— INSTRUCTIONS TO FOLLOW —
The reply should return the data in full, exactly as written.

Start of Block

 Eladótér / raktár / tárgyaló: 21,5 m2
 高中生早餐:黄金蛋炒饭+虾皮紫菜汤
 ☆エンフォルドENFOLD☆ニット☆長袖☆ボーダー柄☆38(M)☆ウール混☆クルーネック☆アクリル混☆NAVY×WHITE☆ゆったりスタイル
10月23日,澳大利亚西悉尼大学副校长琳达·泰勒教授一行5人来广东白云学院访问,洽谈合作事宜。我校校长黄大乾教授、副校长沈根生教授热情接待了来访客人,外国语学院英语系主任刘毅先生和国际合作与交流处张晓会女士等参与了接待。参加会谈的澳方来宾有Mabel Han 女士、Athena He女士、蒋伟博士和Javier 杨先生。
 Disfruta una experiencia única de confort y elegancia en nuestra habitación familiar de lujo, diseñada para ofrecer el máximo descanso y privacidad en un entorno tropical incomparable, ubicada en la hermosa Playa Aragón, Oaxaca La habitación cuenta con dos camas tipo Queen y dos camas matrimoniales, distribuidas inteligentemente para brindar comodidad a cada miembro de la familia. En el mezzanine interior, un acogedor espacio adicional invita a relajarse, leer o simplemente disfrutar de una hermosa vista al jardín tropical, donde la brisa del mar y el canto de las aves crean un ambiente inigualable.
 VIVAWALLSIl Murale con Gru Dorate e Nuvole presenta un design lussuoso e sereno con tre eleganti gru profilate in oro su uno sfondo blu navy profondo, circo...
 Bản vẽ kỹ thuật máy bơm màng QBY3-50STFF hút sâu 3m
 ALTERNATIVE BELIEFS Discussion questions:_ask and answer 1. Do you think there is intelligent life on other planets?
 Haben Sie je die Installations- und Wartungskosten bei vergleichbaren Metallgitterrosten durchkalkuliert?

End of Block

— COMPLETED EXERCISE —
 Eladótér / raktár / tárgyaló: 21,5 m2
 高中生早餐:黄金蛋炒饭+虾皮紫菜汤
 ☆エンフォルドENFOLD☆ニット☆長袖☆ボーダー柄☆38(M)☆ウール混☆クルーネック☆アクリル混☆NAVY×WHITE☆ゆったりスタイル
10月23日,澳大利亚西悉尼大学副校长琳达·泰勒教授一行5人来广东白云学院访问,洽谈合作事宜。我校校长黄大乾教授、副校长沈根生教授热情接待了来访客人,外国语学院英语系主任刘毅先生和国际合作与交流处张晓会女士等参与了接待。参加会谈的澳方来宾有Mabel Han 女士、Athena He女士、蒋伟博士和Javier 杨先生。
 Disfruta una experiencia única de confort y elegancia en nuestra habitación familiar de lujo, diseñada para ofrecer el máximo descanso y privacidad en un entorno tropical incomparable, ubicada en la hermosa Playa Aragón, Oaxaca La habitación cuenta con dos camas tipo Queen y dos camas matrimoniales, distribuidas inteligentemente para brindar comodidad a cada miembro de la familia. En el mezzanine interior, un acogedor espacio adicional invita a relajarse, leer o simplemente disfrutar de una hermosa vista al jardín tropical, donde la brisa del mar y el canto de las aves crean un ambiente inigualable.
 VIVAWALLSIl Murale con Gru Dorate e Nuvole presenta un design lussuoso e sereno con tre eleganti gru profilate in oro su uno sfondo blu navy profondo, circo...
 Bản vẽ kỹ thuật máy bơm màng QBY3-50STFF hút sâu 3m
 ALTERNATIVE BELIEFS Discussion questions:_ask and answer 1. Do you think there is intelligent life on other planets?
 Haben Sie je die Installations- und Wartungskosten bei vergleichbaren Metallgitterrosten durchkalkuliert?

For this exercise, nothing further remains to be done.